Habitação. Na última década estatística, entre 2010 e 2020, o Estado construiu em Lisboa 17 casas de habitação pública por ano. O número astronómico inclui todas as casas construídas pela administração central, empresas públicas, institutos públicos, e a própria Câmara Municipal de Lisboa. Nas quatro décadas anteriores, ou seja, em ’70, ’80, ’90, e primeira década do século XXI (entre 2000 e 2010), tinham-se construído perto de 1.000 casas de habitação pública por ano. O que mudou então, a partir de 2010, para que os mesmos serviços, e praticamente as mesmas pessoas e os mesmos funcionários, descessem de 1.000 para 17 casas por ano? Tirando os anos da tróica, com quem ele próprio negociou uma intervenção, o Partido Socialista governou livre e solto a República e a cidade de Lisboa, coligado ou em aliança estreita com a extrema-esquerda. A esquerda não construiu nem deixa construir ou comprar. Lembremos que o preço final de uma casa é composto por 60% de custos efectivos e 40% de impostos. Não, o problema não está nos “senhorios”, nem na “ganância”, na “especulação imobiliária”, e muito menos no “capitalismo”. O problema é a esquerda: por junto, vale 17 casas por ano e 40% de impostos.

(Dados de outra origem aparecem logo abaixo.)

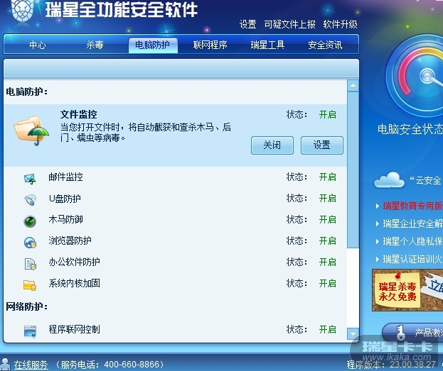 如上图所示,依次闭瑞星防火墙的监控功能看由哪项功能引起此问题,可以跟帖汇报给工程师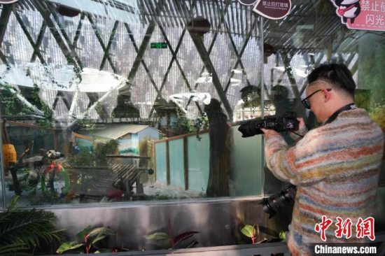 图为文旅达人在西宁熊猫馆进行拍摄。马铭言 摄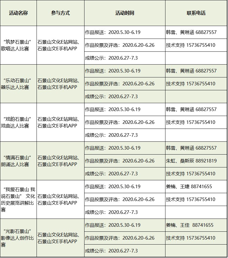 本届艺术节活动由石景山区文化和旅游局主办,以“战‘疫’有我,文化聚力”为主题,通过线上文化服务的方式,组织开展系列文艺赛事和艺术培训等活动,线下活动将随疫情进展酌情举办。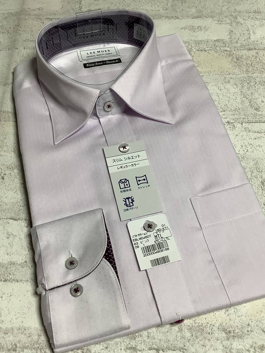 新品未使用★手の長い39-88長袖Mサイズ ピンクドットドビー生地 シルプルレギュラーカッターシャツ★ドレスシャツ 定価4,990

Pobreza. Gasta-se pouco tempo a falar de pobreza em Portugal. Por critérios estatísticos europeus, 19,8% da população residente está em risco de pobreza ou exclusão social. São mais de dois milhões de pessoas, ou uma em cada cinco. Pior, 12% da população empregada vive abaixo do limiar da pobreza. Ou seja, ter trabalho não livra estas pessoas da pobreza. Que é hoje também um problema urbano, como se vê em Lisboa nos bairros sociais, onde a falta de segurança e de presença da Polícia são, para quem vive ali, o primeiro factor de exclusão social. A história da caixa multibanco no Bairro da Boavista é o ponto mais exemplar e completo a que a pobreza de uma sociedade pode descer. De maneira que em vez de grafitis, “arte” urbana, casas-de-banho mistas, igualdade de género, e outras idiotias que ocupam a desordem pública, é preciso dedicar tempo e esforço ao problema da pobreza.

Democracia. De todos, o ponto mais importante. Temos um problema grave e sério com a liberdade de expressão de deputados eleitos, na Assembleia da República como na Assembleia Municipal de Lisboa. A esquerda forma maiorias e manda calar os adversários. É uma combinação de prepotência e de impreparação política por parte de quem manda nas assembleias. Pior, há documentos votados sem quórum; sem maiorias qualificadas, como às vezes se exige; e com toda a espécie de irregularidades, cujo único aspecto em comum é serem da conveniência do PS. Em toda a parte, vale a mesma regra, que de resto se tornou um hábito banal: quem forma maiorias decide não só o que se pode ou não dizer, mas também quais os procedimentos que se podem atropelar despreocupadamente. Um ataque aos procedimentos é um ataque formal à democracia. E defender a democracia não é vozear contra o “populismo”; é exigir e garantir o regular funcionamento das instituições representativas.